Ce Pouvoir des clefs, ou des évêques, ne peut être exercé que par le moyen de l’enseignement et de la prédication de la Parole
de Dieu et par l’administration des sacrements, selon la vocation de chacun, soit en public, soit en privé. Car il sert, non pas à
conférer des biens matériels, mais des biens éternels, à savoir la Justice, le Saint-Esprit et la Vie éternelle. […]
Puisque donc le pouvoir de l’Église, ou des évêques, confère des biens éternels, puisqu’il n’est exercé que par le ministère de la
prédication, il ne gêne donc en rien le pouvoir civil et le gouvernement temporel. Car le gouvernement civil s’occupe de toute
autre chose que de l’Évangile, puisqu’il protège, non pas les âmes, mais les corps et les biens des sujets contre la violence
matérielle, au moyen de l’épée et des châtiments corporels.
Il faut donc se garder de mêler et de confondre les deux pouvoirs, le temporel et le spirituel.

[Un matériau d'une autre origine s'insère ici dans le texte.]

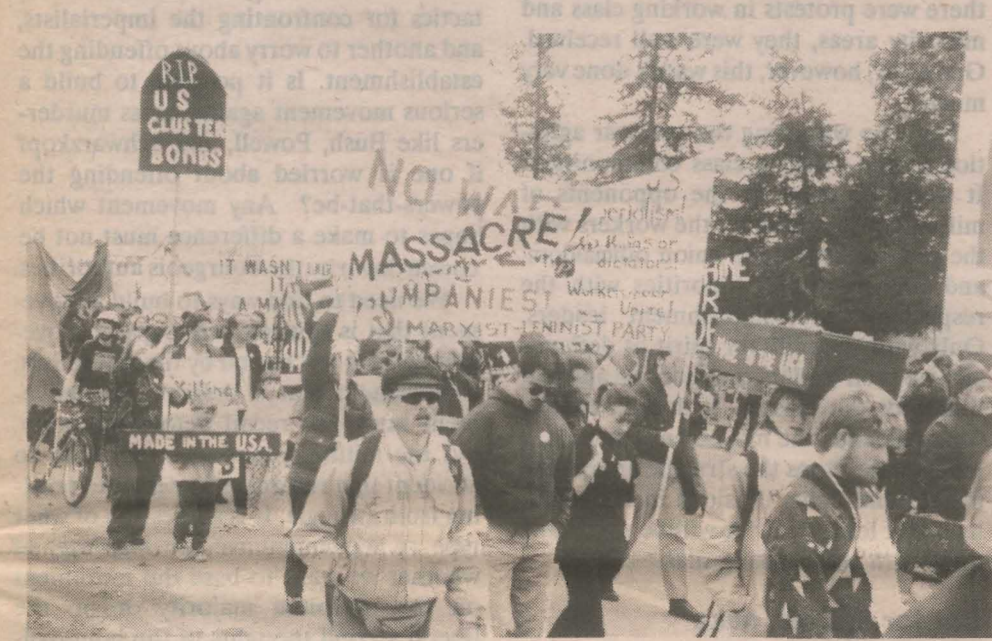
March 16 anti-war march at Concord Naval Weapons Station, California

Car le pouvoir spirituel a la mission
particulière de prêcher l’Évangile et d’administrer les Sacrements. Il ne doit jamais empiéter sur un domaine autre que le sien.
Il ne doit pas établir ou destituer des rois ; il ne doit pas abolir les lois civiles, ni corrompre l’obéissance due aux autorités ; il ne
doit pas s’immiscer dans les affaires civiles, ni faire la loi au pouvoir temporel. Christ lui-même a dit, Jean 18, 36 : « Mon
royaume n’est pas de ce monde ». Et aussi, Luc 12, 14: « Qui est-ce qui m’a établi juge parmi vous? ». Et saint Paul, Phil. 3,
20 : « Notre cité à nous est dans les cieux ». Et 2 Cor. 10, 4 : « Les armes avec lesquelles nous combattons ne sont pas
charnelles, mais elles sont puissantes par la vertu de Dieu pour renverser les machinations de l’ennemi et toute hauteur qui
s’élève contre la connaissance de Dieu ».

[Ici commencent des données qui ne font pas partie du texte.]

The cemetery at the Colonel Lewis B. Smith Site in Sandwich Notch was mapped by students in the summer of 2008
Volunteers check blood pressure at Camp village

Telle est la distinction que font les nôtres entre les fonctions des deux pouvoirs, et ils recommandent qu’on les honore tous les
deux comme le don le plus précieux dont nous jouissons sur terre.
S’il arrive que des évêques possèdent aussi le gouvernement temporel et tienne l’épée, ce n’est pas par droit divin ni en qualité
d’évêques qu’ils possèdent ce pouvoir, mais par droit humain, impérial, puisqu’ils le tiennent des rois et des empereurs pour
l’administration civile de leurs possessions. Ces fonctions n’ont rien à voir avec le ministère de l’Évangile.